I freeze. I am covered in mud, bleeding from a cut on my temple, small and insignificant. But he stares at me with an intensity that feels like a physical weight. He isn't looking at my body. He is smelling me.

He takes a step closer. The smell of him washes over me—rain on hot stone, and something sharper, dangerous.

"You," he rumbles. His voice is a deep tectonic shift, deep enough to rattle my ribcage. He speaks Common perfectly, with a clipped, harsh efficiency.

I lift my chin. I will not cower. "What do you want?"

His eyes narrow. He looks at my hands, stained with berry juice and herbs. Then he looks at my chest, where I clasped Yokgu moments ago.

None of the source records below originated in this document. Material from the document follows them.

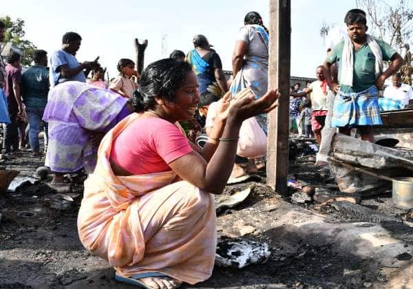திருப்பூர், கல்லாம்பாளைம், எம்.ஜி.ஆர் நகரில் கேஸ் சிலிண்டர் வெடித்து ஏற்பட்ட தீவிபத்தில் வீடுகளையும், பொருட்களையும் இழந்த பெண் கதறி அழுதார்.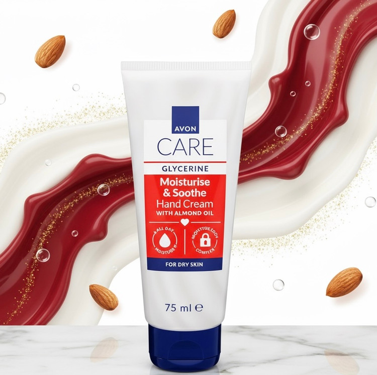 مقدار کافی از کرم دست روغن بادام و گلیسیرین Avon Care را روی پوست تمیز دستها و اطراف ناخنها بمالید و تا جذب کامل ماساژ دهید. برای بهترین نتیجه، پس از هر بار شستوشوی دست و پیش از خواب استفاده کنید.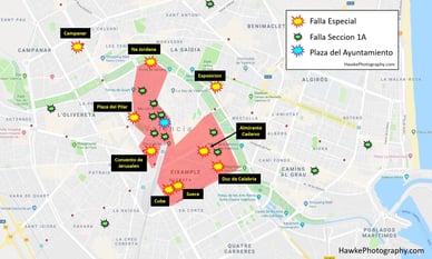 Los conciertos festivos se celebran en escenarios móviles, comienzan por la noche y terminan aproximadamente a las 4:00 de la madrugada del día siguiente. La acción principal tiene lugar en los jardines de Viveros, cerca del Museo de Bellas Artes, en el barrio de El Carmen, en el centro histórico de Valencia, y en la plaza de San Sebastián.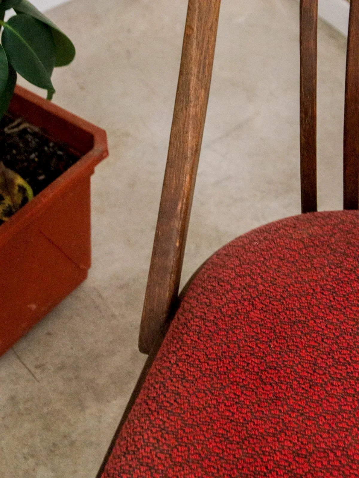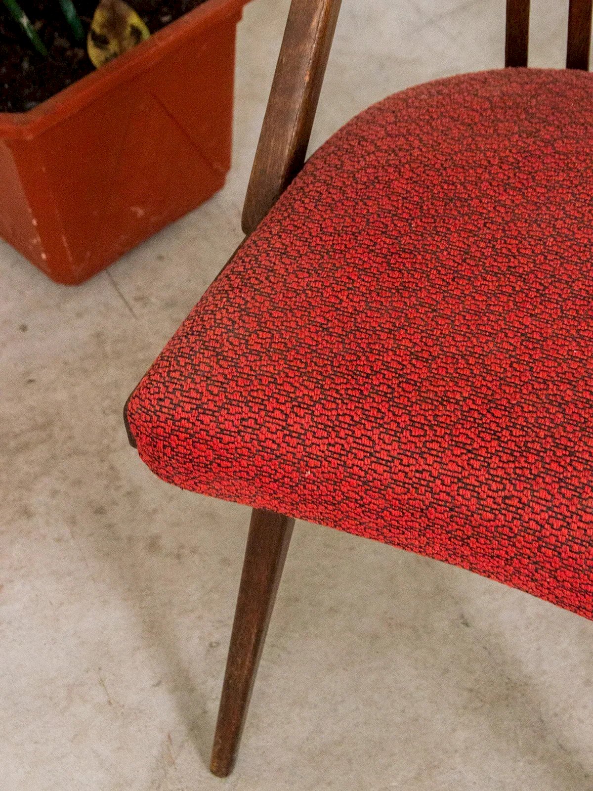 Apportez chaleur et style à votre intérieur avec cette chaise en bois foncé au dossier à six barres. Son assise en tissu rouge orangé offre confort et élégance. Une pièce simple et charmante, parfaite pour compléter votre salle à manger ou un coin repas cosy. Longueur : 44 cm Largeur : 44 cm Hauteur : 79 cm Hauteur d'assise : 48 cm Largeur d'assise : 39 cm Profondeur de l'assise : 41 cm État:Occasion: Objet ayant été utilisé. Objet présentant quelques marques d'usure superficielle, ...Occasion: Objet ayant été utilisé. Objet présentant quelques marques d'usure superficielle, entièrement opérationnel et fonctionnant correctement. Il peut s'agir d'un modèle de démonstration ou d'un objet retourné en magasin après une courte période d'utilisation. les éventuelles imperfections. Couleur:Multicouleur Hauteur:Bois, Tissu Largeur:Chaises Marque:Debongout Type:Produit chiné Matériau:Bois, Tissu Style:Campagne

He leans down. He is so close I can feel the heat radiating from his massive frame. He inhales deeply near my neck.

"Lavender," he says. The word sounds like an accusation. "And sickness. Orc."

My blood turns to ice.

He straightens up, his slate-grey face unreadable, cold as the iron in his jaw. He turns away from me, looking toward the edge of the village.

Toward my hut.

"The scent is stale on her," he says to the warrior who dragged me out. "But fresh there."

He raises a massive, scarred hand and points a finger directly at the dark doorway of my home.

"Tear up the floorboards," the Chieftain commands, the click-scrape of his tusk punctuating the order like a death knell. "Bring the boy out."